● **Supplied material**:
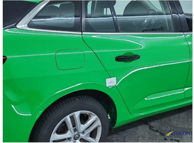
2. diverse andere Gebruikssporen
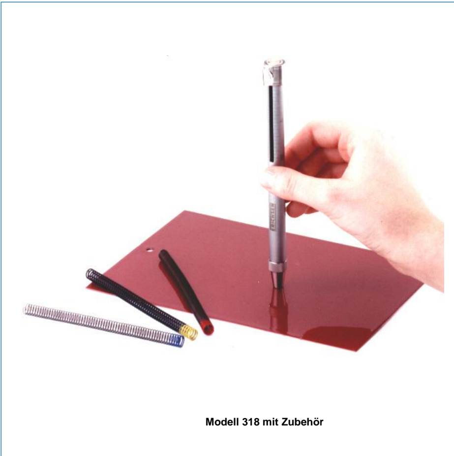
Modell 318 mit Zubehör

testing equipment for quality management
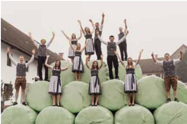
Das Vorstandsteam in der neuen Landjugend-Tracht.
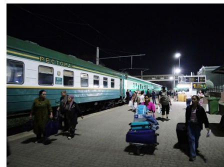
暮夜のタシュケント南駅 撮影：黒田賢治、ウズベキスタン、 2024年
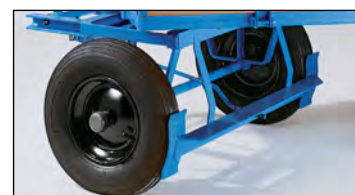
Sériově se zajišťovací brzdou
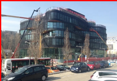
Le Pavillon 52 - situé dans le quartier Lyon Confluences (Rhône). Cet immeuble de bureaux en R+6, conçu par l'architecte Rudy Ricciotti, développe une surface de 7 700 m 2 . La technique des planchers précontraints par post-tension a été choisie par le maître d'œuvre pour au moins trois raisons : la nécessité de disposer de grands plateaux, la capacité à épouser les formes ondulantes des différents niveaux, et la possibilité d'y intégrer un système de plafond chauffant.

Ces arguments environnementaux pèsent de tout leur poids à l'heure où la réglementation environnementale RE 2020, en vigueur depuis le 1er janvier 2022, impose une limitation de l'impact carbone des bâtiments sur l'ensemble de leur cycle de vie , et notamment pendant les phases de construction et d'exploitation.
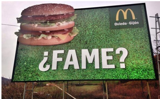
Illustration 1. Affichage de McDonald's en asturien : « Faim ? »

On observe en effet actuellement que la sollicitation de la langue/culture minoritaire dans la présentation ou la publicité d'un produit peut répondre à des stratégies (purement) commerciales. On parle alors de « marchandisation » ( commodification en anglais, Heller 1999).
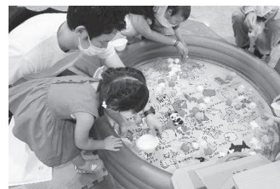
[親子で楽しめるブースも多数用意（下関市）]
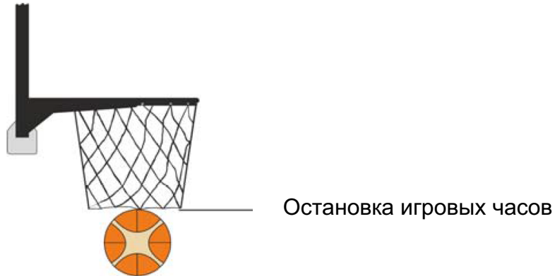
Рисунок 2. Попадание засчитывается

...

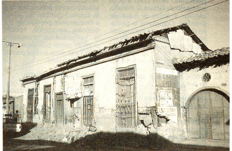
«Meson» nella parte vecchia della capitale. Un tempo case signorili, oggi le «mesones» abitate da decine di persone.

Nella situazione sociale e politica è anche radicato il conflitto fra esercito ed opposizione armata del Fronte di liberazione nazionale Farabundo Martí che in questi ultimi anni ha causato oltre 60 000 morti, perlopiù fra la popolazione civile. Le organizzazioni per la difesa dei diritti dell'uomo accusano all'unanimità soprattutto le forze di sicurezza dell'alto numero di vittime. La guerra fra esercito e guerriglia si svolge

● **Try it**: Above are the records; copy exactly the lines from the line with "decine di persone." through the line with "Nella situazione sociale", both included.

● **Result of this task**:
«Meson» nella parte vecchia della capitale. Un tempo case signorili, oggi le «mesones» abitate da decine di persone.

Nella situazione sociale e politica è anche radicato il conflitto fra esercito ed opposizione armata del Fronte di liberazione nazionale Farabundo Martí che in questi ultimi anni ha causato oltre 60 000 morti, perlopiù fra la popolazione civile. Le organizzazioni per la difesa dei diritti dell'uomo accusano all'unanimità soprattutto le forze di sicurezza dell'alto numero di vittime. La guerra fra esercito e guerriglia si svolge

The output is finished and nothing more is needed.